[Rencontre] Librairie La renaissance | jeu. 6 mars | 18h30 | librairie-renaissance.fr

Ils se confrontent à leurs origines sociales, mais aussi familiales. La famille nous standardise-t-elle ?
Question complexe ! C’est certain que la famille est notre première micro-société, avec ses normes intériorisées. Bien souvent d’ailleurs, elle fonctionne comme un reflet de la hiérarchie de la société. Mais, derrière les similarités apparentes, on trouve aussi dans chaque famille des individus porteurs d’une forme de différence. Ce qui m’intéresse, c’est comment on peut décider de tracer son chemin indépendamment de ces cellules. Dans L’École est finie, plus particulièrement, je voulais explorer ce que ça signifie de se sentir différent quand on est un enfant.
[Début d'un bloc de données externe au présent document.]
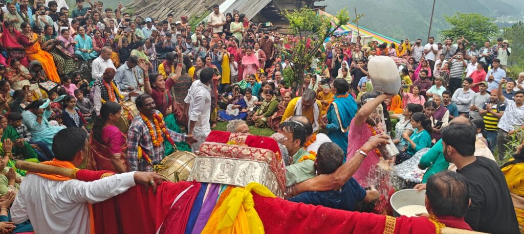 साथ ही ग्रामीणों ने आराध्य नागराजा देवता की डोली को चुनर, श्रीफल व घरों लाया भोग प्रसाद स्वरुप चढ़ाया। इस मौके पर नागराजा देवता ने देव डोली पर अवतरित होकर ग्रामीणों को सुख समृदि का आशीर्वाद दिया। डुंडा क्षेत्र के विभिन्न गांव के ग्रामीण ने बड़ी संख्या में बरसाली गांव पहुंचकर नागराजा देवता से खुशहाली का आशीर्वाद लिया। इस मौके पर यूपी के पूर्व सूचना अयुक्त अरविंद बिष्ट, लोकेंद्र बिष्ट, देशराज बिष्ट, कुलदीप बिष्ट, समशेर बिष्ट , जयराज बिष्ट, रणवीर बिष्ट, पंकज बिष्ट, सुरेंद्र लाल सहित बड़ी संख्या में ग्रामीण मौजूद रहे।

Al est ton plus jeune personnage, c’est aussi le plus frontalement rebelle…
Oui, on en revient à ces questions de structures autoritaires auxquelles on se confronte. Al est à l’âge du refus, il refuse de se conformer aux attentes des adultes et des enseignants. Mais il ne fait pas que s’opposer : il est dans une fuite créatrice, il se crée un autre monde, une autre cellule, amicale cette fois. Des trois romans, c’est le personnage dans lequel je me retrouve le plus. Tout est parti d’un texte écrit à huit ans, sur lequel je suis retombée et qui est devenue ma “bible”. Écrire sur l’enfance est vertigineux : on l’a tous vécue, mais elle est tellement loin de nous. J’avais peur de tomber dans une forme de recul, donc de trahison. Parce que c’est un “moi” lointain désormais, je suis bien trop vieille pour écrire comme une enfant (rires). J’ai donc beaucoup travaillé pour retrouver cette voix intérieure. 
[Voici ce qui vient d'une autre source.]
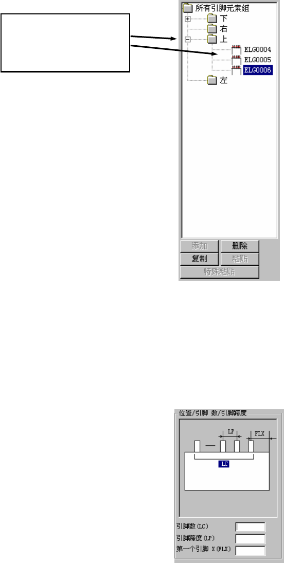 第2部 功能详解篇 第6章 通用图像 6-23 3) 引脚属性 选择引脚的类型,输入引脚的尺寸。 图 6 -4-3-5 引脚特征(鸥翼形引脚) 图 6-4-3-6 引脚特征(平板引脚) 4) 元件组的编辑 在“引脚元件组一览表”画面中进行元件组的追加、删除或复制。其操作方法与Windows的浏 览器的操作方法相同。 ①选择要追加、删除或复制的文件夹。 ②选择了追加、删除、复制后即可执行 。 选择了复制时,还需选择“粘贴”或“覆盖 粘贴”…

En parlant de voix, c’est la première fois que tu écris à la première personne.
Retrouver ce lien instinctif, primitif presque, avec l’écriture de l’enfance m’a beaucoup nourrie. Je voulais être au plus près de ses pensées, qu’on soit constamment dans la tête de ce personnage, qu’on ressente ce qu’il pense, ce qu’il produit. Ça m’a apporté une liberté nouvelle, comme si je restituais une voix plus que d’écrire un roman. J’aime bien quand le personnage prend le pouvoir sur l’histoire, et Al avait besoin qu’on le laisse s’exprimer.

Comme dans Bénie soit Sixtine ou La Grande Ourse, tu confrontes aussi son histoire à la grande Histoire et à l’actualité. Après la Manif pour Tous et l’intégrisme religieux, la condition des agriculteurs et la réintroduction de l’ours dans les Pyrénées, L’Ecole est finie va encore plus loin : de l’Occupation au génocide au Rwanda en passant par le colonialisme…
Oui, je voulais explorer comment l’Histoire façonne nos petites histoires, nos mythologies familiales. On grandit avec des récits qui influencent notre vision du monde, nous sommes héritiers de tous ces récits que l’on nous transmet. Cela m’intéressait de mettre à nu ces mythes familiaux à hauteur d’enfant. Al va les interroger jusqu’à les dépouiller, les déconstruire pour mieux créer sa propre histoire. Quand ces récits s’effondrent, c’est aussi une forme d’innocence et une certaine perception des adultes qui tombent.